WWII was Roosevelt’s backdoor to war


It can be emphatically said that Franklin D. Roosevelt felt so strongly that the fate of Christianity and democracy was in jeopardy that he deliberately pushed Japan to attack America.

FDR sympathized greatly with the plight of Britain, but was thwarted by a strong anti-war sentiment that did not want our nation to be embroiled in another senseless European war. World War I was billed as the “war to end all wars,” but 21 years later our cousins ​​across the pond were getting back to it. Roosevelt was aided by Hollywood who produced film after film portraying Hitler as the devil and the heroic Britons as trying to save mankind. The Mortal Storm with James Stewart and Ms. Miniver would be perfect examples.


Roosevelt knew that Hitler had ordered his submarines not to commit another Lusitania madness. America and its press were so Eurocentric that they paid little attention to our “choice bone” with Japan. Roosevelt slowly paved the way for a war ahead with the country’s first peace bill, massive military build-up, and steps to keep Britain afloat until we can get there.

FDR secured a “base destroyer” and loan-lease agreement, knowing full well the Allies would never pay us back. Then he started to put pressure on Japan to force it to leave China. It all started with embargoes on petroleum, scrap metal, wood, aluminum, copper, rubber, magnesium, zinc, tin, nickel, lead, wolfram, brass and coins. plane. It became quite painful for them when he froze all of Japan’s financial assets in the United States.

Now, what strategic interest did we have in China? None – just sentimental attachment and missionary zeal engendered by the novels of Pearl Buck and the church leaders. The Philippines? No, we had already promised them full independence. Now, that might sound like a crazy conspiracy theory, but so far all I’ve given you are facts. In November 1941, our military experts were convinced that Japan was going to launch an attack somewhere – Hong Kong, Singapore, the East Indies, the Panama Canal, Pearl Harbor or Siberia. These were about the only possible targets. Roosevelt knew his story and that Lincoln had been declared a hero for pushing the South to fire the first shot at Fort Sumter in 1861.
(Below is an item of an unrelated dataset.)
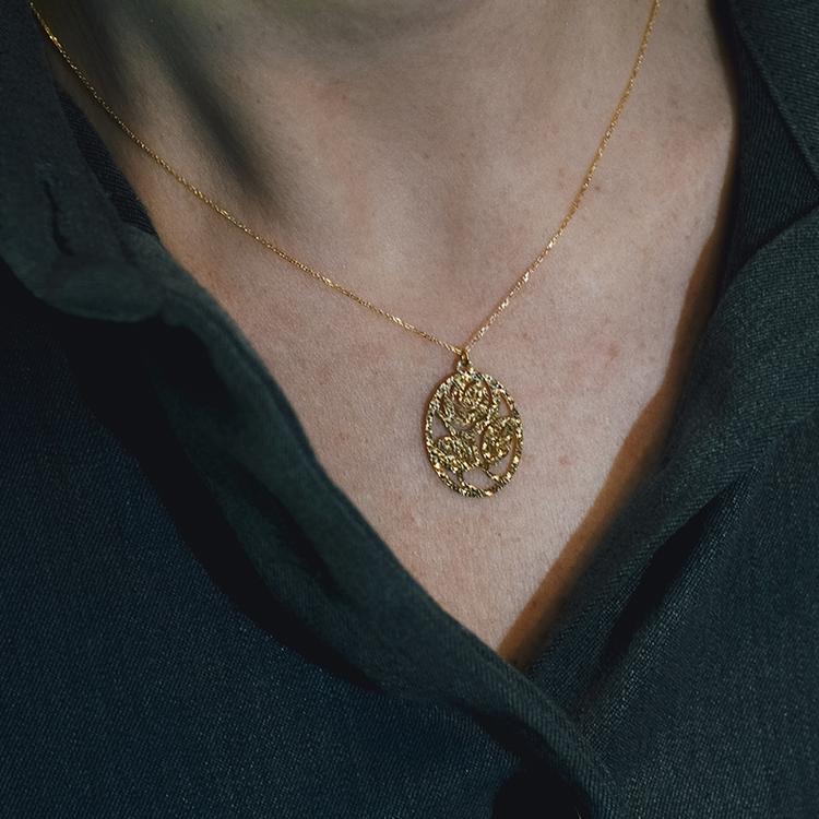 AV χρυσό γυναικείο κολιέ με δίατρητο σχέδιο σε σχήμα τριαντάφυλλο με διαμανταρισμένη επιφάνεια

Roosevelt secretly assaulted Japan by training the “Flying Tigers”, stationing them in China and ordering them to shoot down Japanese planes at a time when we were not at war. In July 1941, American forces occupied Iceland. Roosevelt used Iceland as a base to spot German submarines, then warn British ships. In September 1941, he gave orders to “shoot on sight” to the naval commanders, thus engaging us in the Battle of the Atlantic. FDR was leading us into an undeclared war long before Pearl Harbor. In a supposedly reckless move, Roosevelt ordered that all capital ships in California (and safely out of danger) be transferred to the vulnerable Pearl. Henry Stimson wrote in his diary on November 28, 1941, that he and Roosevelt discussed different ways to get Japan to fire the first shot without causing too much damage to our military.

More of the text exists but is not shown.